• Problem details:
Would you transcribe exactly the lines from the one containing "Auf dem großen" to the last line of the data below, both ends included, but none of the pictures?

Records drawn from a dataset
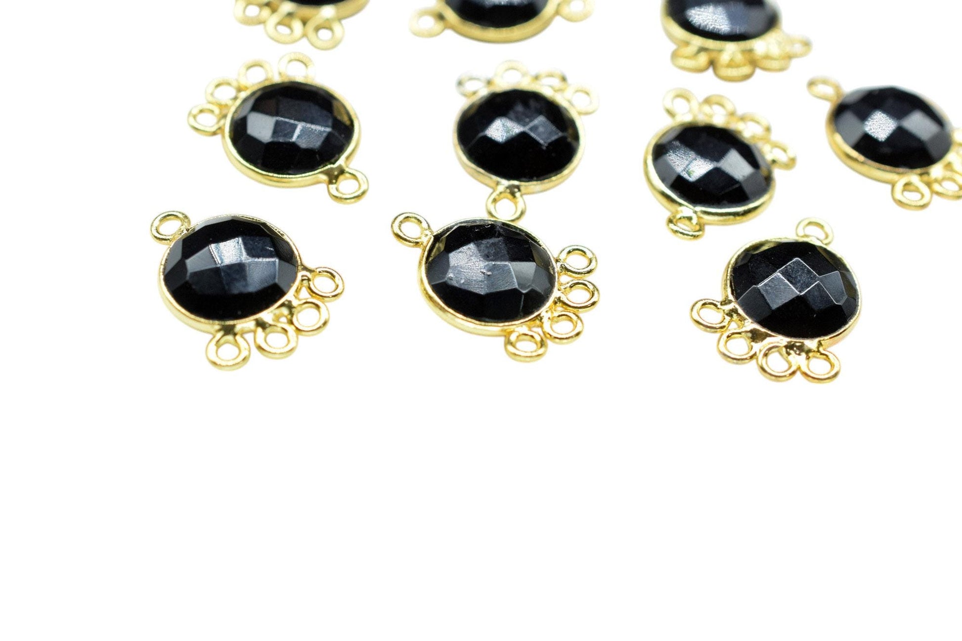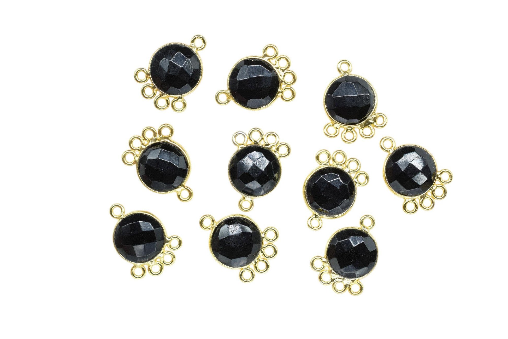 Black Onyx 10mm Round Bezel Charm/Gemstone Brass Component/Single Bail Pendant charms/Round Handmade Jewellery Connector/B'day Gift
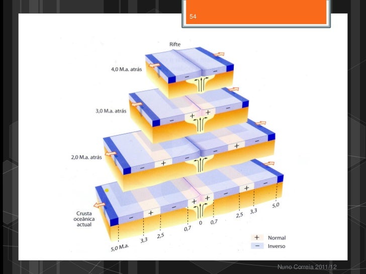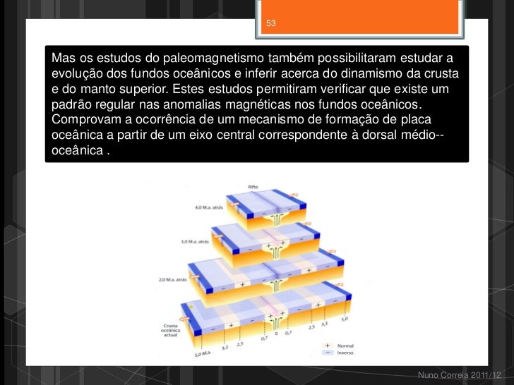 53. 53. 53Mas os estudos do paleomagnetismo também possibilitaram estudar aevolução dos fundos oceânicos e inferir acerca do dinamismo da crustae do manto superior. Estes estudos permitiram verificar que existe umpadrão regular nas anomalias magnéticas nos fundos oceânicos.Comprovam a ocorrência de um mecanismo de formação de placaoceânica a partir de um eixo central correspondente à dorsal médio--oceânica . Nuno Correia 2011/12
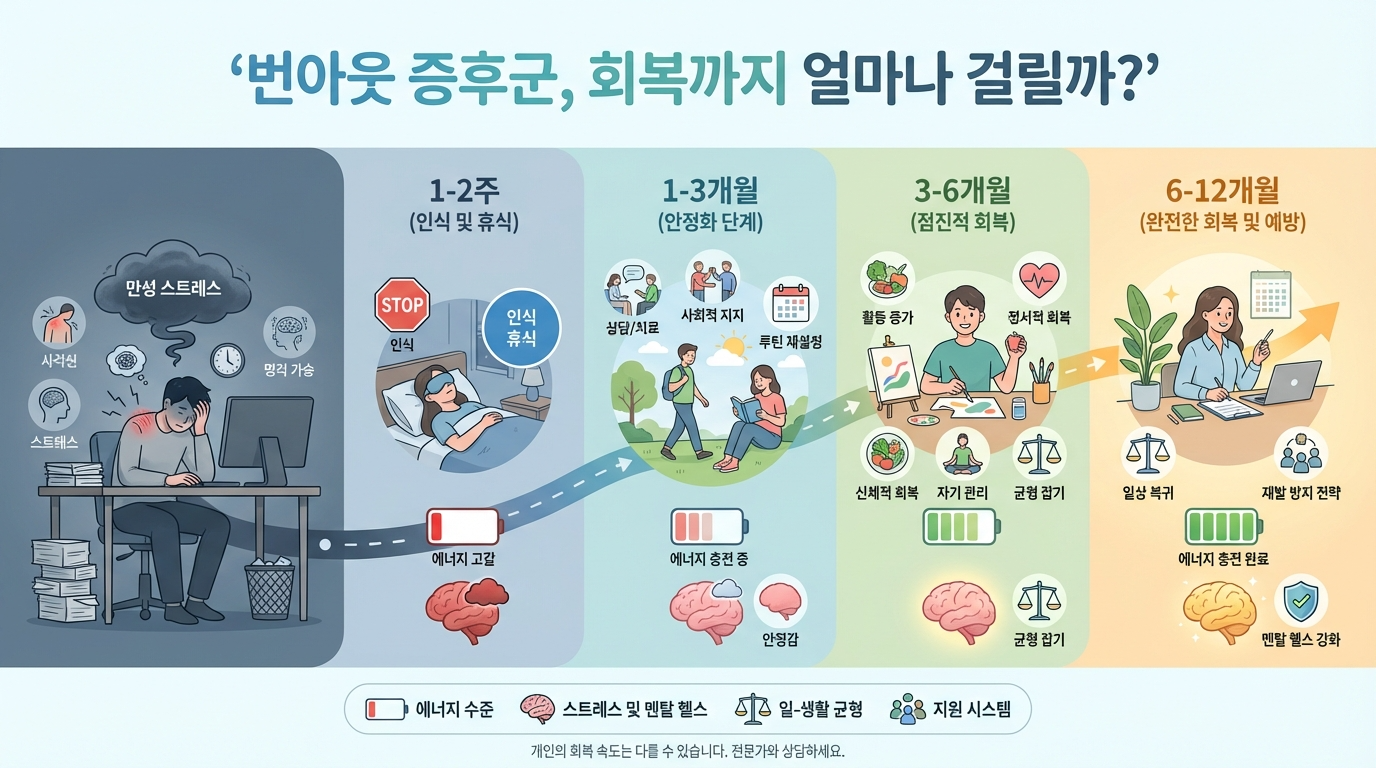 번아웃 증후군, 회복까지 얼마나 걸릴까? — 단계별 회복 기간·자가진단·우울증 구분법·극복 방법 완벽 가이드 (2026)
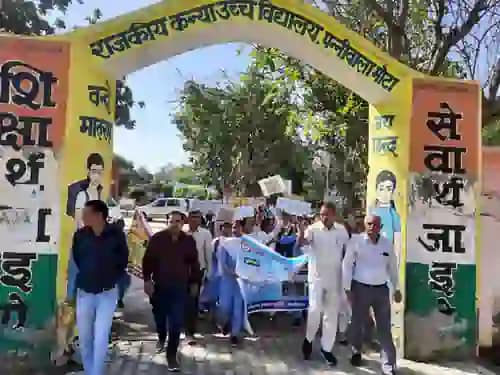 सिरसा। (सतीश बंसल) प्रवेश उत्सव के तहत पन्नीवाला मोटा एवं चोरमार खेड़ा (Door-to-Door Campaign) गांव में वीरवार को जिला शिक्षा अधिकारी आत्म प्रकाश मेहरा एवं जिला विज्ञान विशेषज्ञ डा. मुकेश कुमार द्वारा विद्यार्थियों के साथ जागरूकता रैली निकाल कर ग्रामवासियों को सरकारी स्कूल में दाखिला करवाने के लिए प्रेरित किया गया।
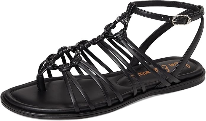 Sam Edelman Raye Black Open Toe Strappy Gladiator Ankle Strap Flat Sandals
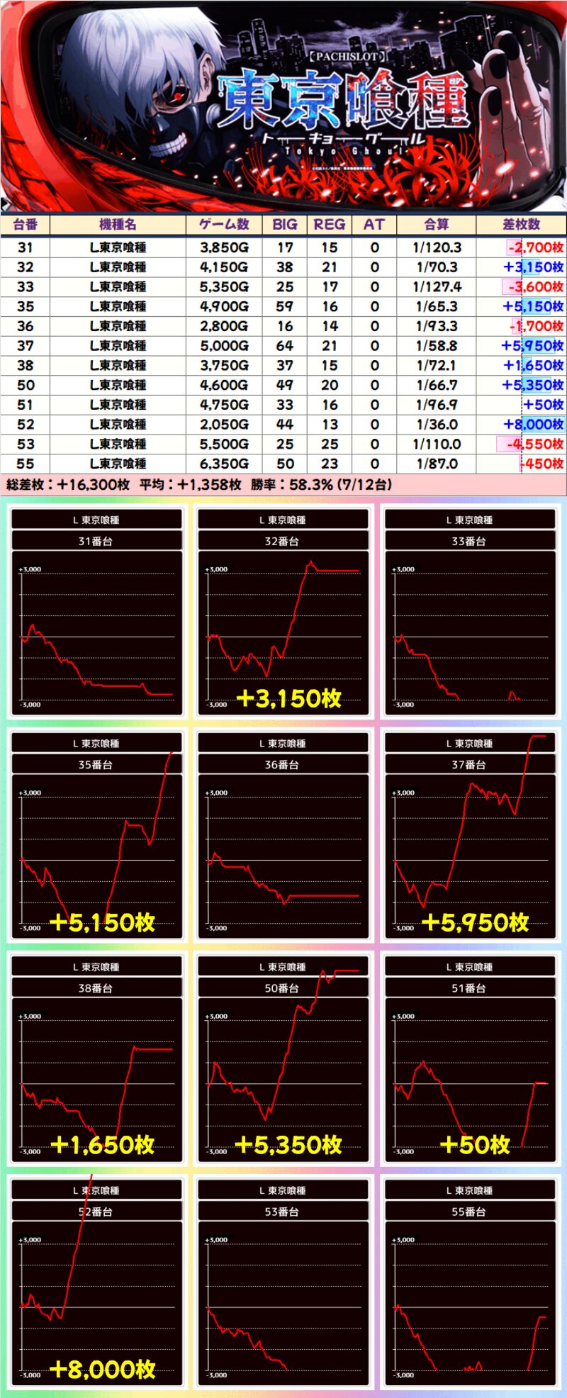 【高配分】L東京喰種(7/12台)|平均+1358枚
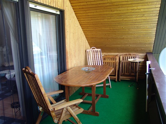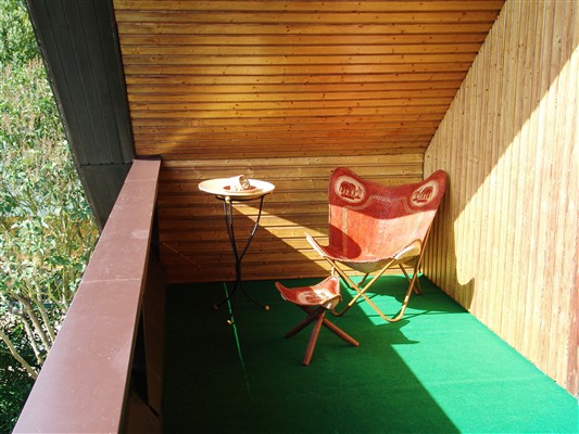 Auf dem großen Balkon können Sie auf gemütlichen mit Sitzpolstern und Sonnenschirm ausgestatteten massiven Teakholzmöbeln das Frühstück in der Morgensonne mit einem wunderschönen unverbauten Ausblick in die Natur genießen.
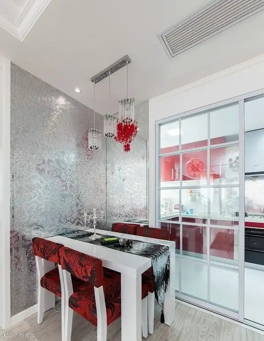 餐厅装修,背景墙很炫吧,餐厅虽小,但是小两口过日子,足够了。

• Response to this exercise:
 Auf dem großen Balkon können Sie auf gemütlichen mit Sitzpolstern und Sonnenschirm ausgestatteten massiven Teakholzmöbeln das Frühstück in der Morgensonne mit einem wunderschönen unverbauten Ausblick in die Natur genießen.
 餐厅装修,背景墙很炫吧,餐厅虽小,但是小两口过日子,足够了。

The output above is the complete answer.